We have had generations exposed to manipulated messaging of this kind. Instead of being told basic and honest information about the quality of things like homegrown vegetables, people have been tricked into buying and using products vs. growing and cultivating and enjoying nutrient-dense food.

Now, generations later, the US collectively follows the commodity model, relying on shelf-stable products and economies of scale. Unhealthy foods — and the systems of dependence they undergird — have been so widely broadcast, marketed, and propagandized, that they’re what most people grow up believing is food. They’re also the only products on the shelves that allow the food stamps to stretch from month to month. And today people wait in miles-long lines at food banks for expired versions of the same unhealthy food they can no longer afford.

That system last year was exposed for its frailty.
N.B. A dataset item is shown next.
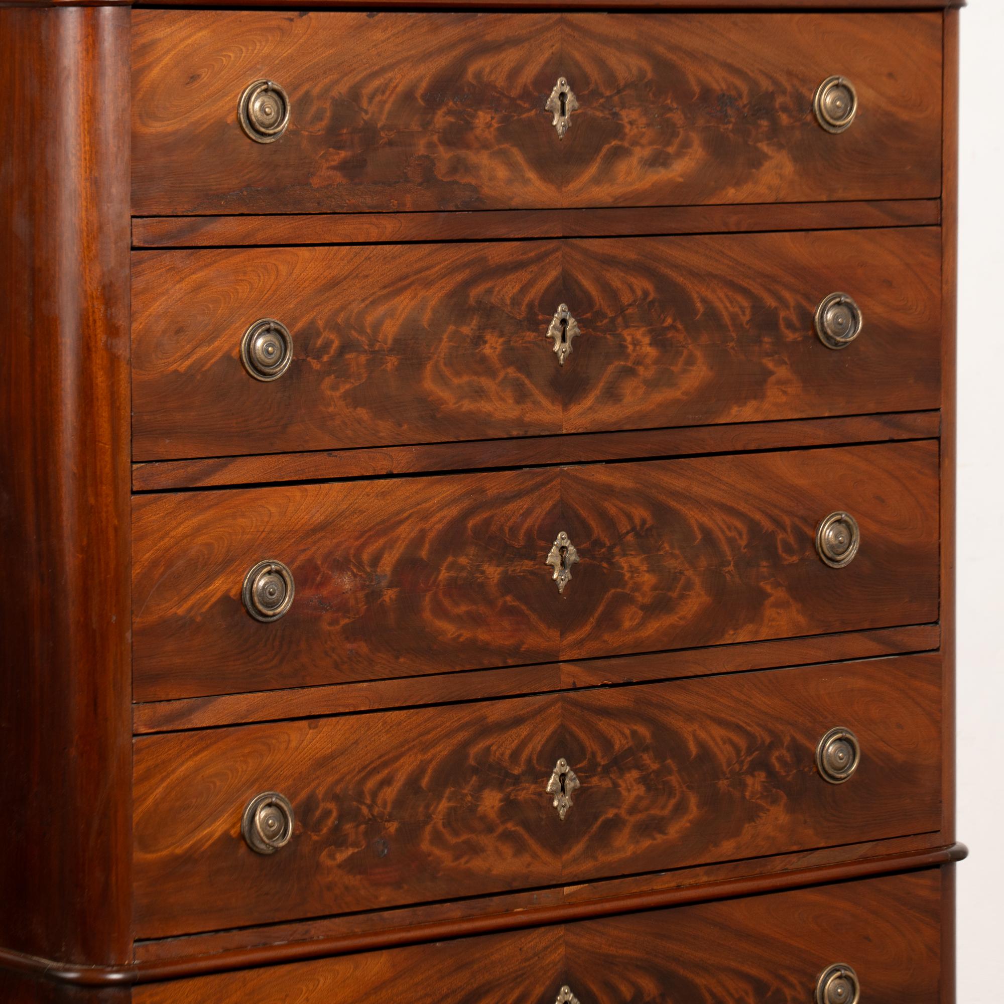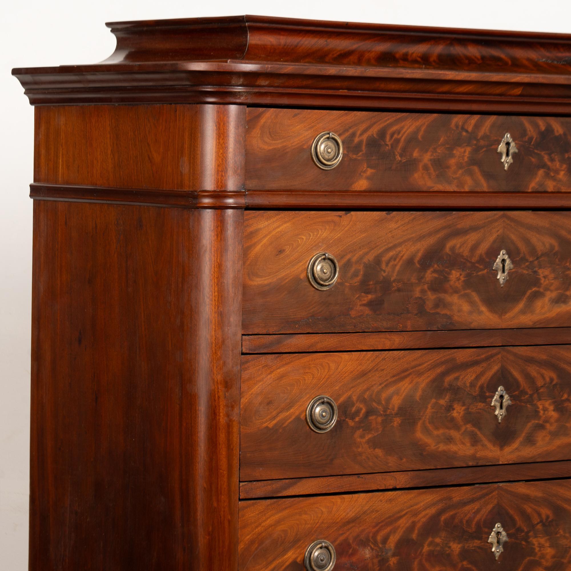Tall Biedermeier mahogany chest of drawers, also known as a highboy or chiffoniers.
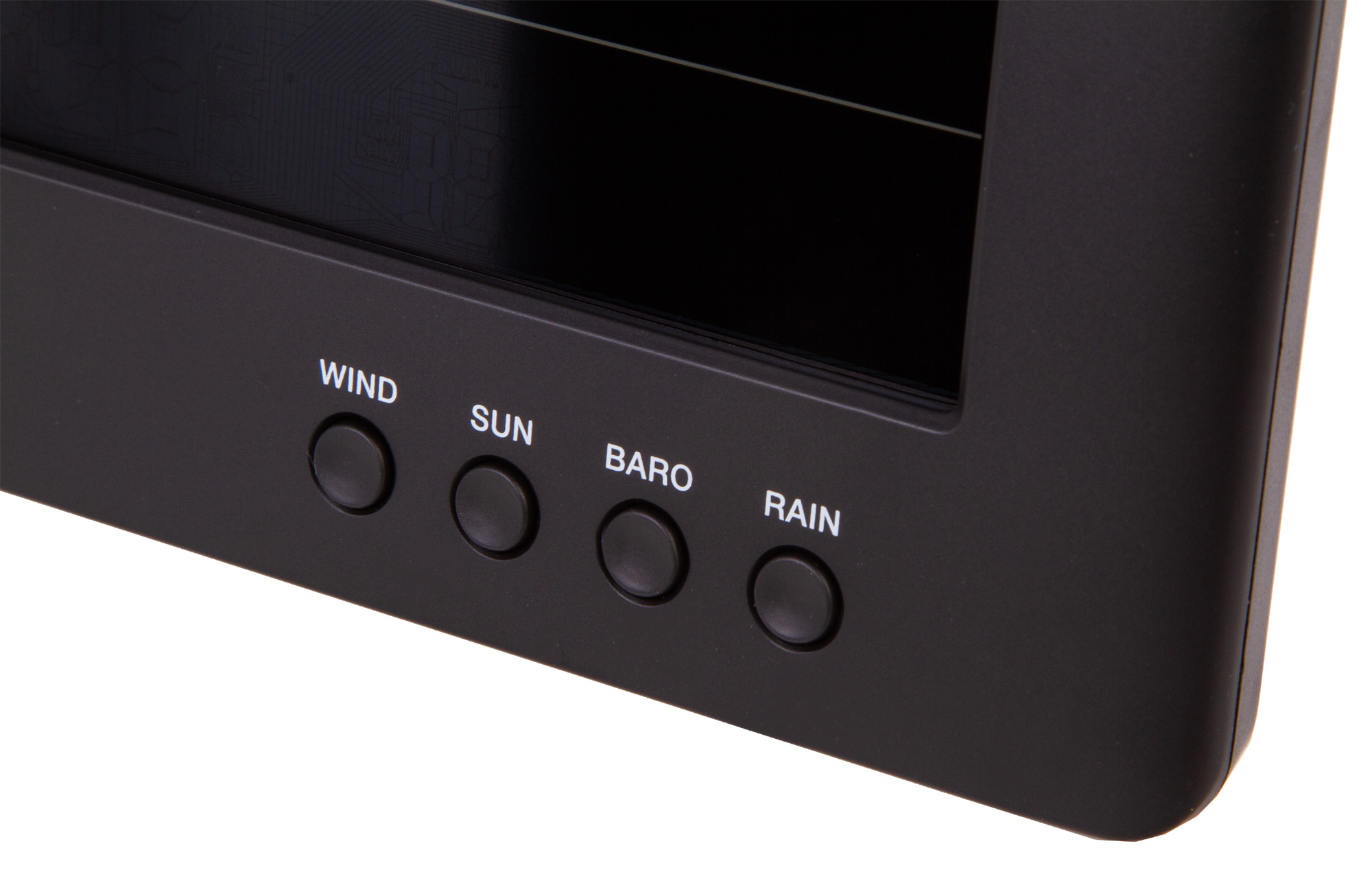 Цветной экран метеостанции вмещает всю погодную информацию. И это неудивительно, так как его диагональ составляет 8,3 дюйма (21 см). Символы видны четко и ясно даже с большого расстояния благодаря высокой контрастности и абсолютно черному цвету фона. Экран также имеет подсветку, яркость которой можно регулировать.

It’s so brittle, billions of dollars couldn’t repair it. Yet marketing continues to push it, and the government continues to subsidize the industry. Billions, even trillions of dollars in emergency spending were consumed so quickly… which could have — should have — gone to investing in community-centered projects, resilience-based projects, projects that help us prepare for an uncertain future.

Policies need to change. Hard work needs to happen — blood, sweat, and tears. Joy is in it though, too, the joy that awaits in the budding of new seedlings.

Our generation is up against generations of social conditioning that re-enforced systems of exploitation, quick fixes, and entrenched thought processes.

We have hope, arriving with the Spring and each seedling sending its leaves up to the sky, roots anchoring firmly in the Earth.